TASK GOAL. Write out the line that holds "아무렇지 않다는 듯 말했다." together with every line that follows it to the end of the material below, exactly. Omit the pictures.

STORED DATA.
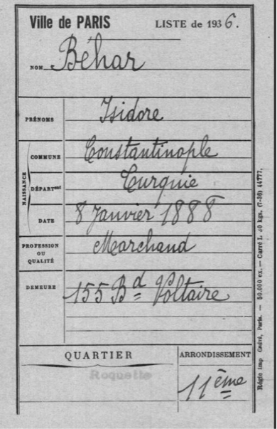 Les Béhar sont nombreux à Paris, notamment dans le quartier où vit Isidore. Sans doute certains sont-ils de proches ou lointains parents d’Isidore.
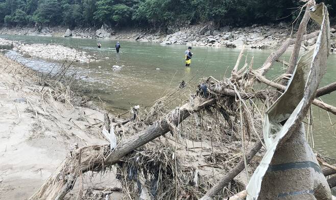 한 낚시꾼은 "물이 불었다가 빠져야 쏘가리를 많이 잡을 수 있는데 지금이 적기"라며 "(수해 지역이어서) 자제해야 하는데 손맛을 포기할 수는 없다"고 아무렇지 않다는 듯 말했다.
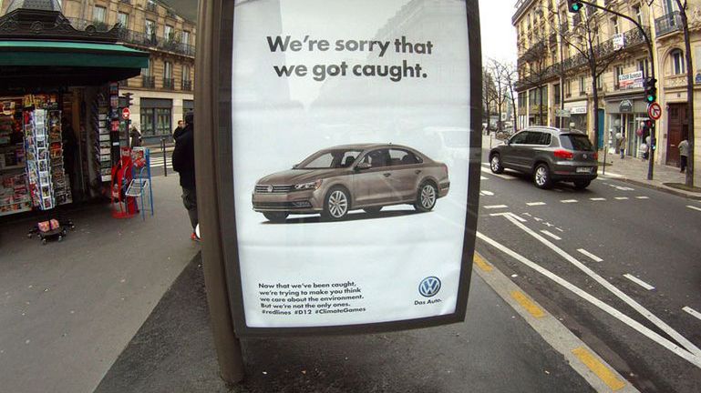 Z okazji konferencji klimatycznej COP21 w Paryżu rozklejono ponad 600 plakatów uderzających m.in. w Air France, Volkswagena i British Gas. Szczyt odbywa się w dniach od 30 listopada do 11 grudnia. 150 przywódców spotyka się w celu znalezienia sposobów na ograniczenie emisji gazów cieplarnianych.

ANSWER FOR THIS EXERCISE.
 한 낚시꾼은 "물이 불었다가 빠져야 쏘가리를 많이 잡을 수 있는데 지금이 적기"라며 "(수해 지역이어서) 자제해야 하는데 손맛을 포기할 수는 없다"고 아무렇지 않다는 듯 말했다.
 Z okazji konferencji klimatycznej COP21 w Paryżu rozklejono ponad 600 plakatów uderzających m.in. w Air France, Volkswagena i British Gas. Szczyt odbywa się w dniach od 30 listopada do 11 grudnia. 150 przywódców spotyka się w celu znalezienia sposobów na ograniczenie emisji gazów cieplarnianych.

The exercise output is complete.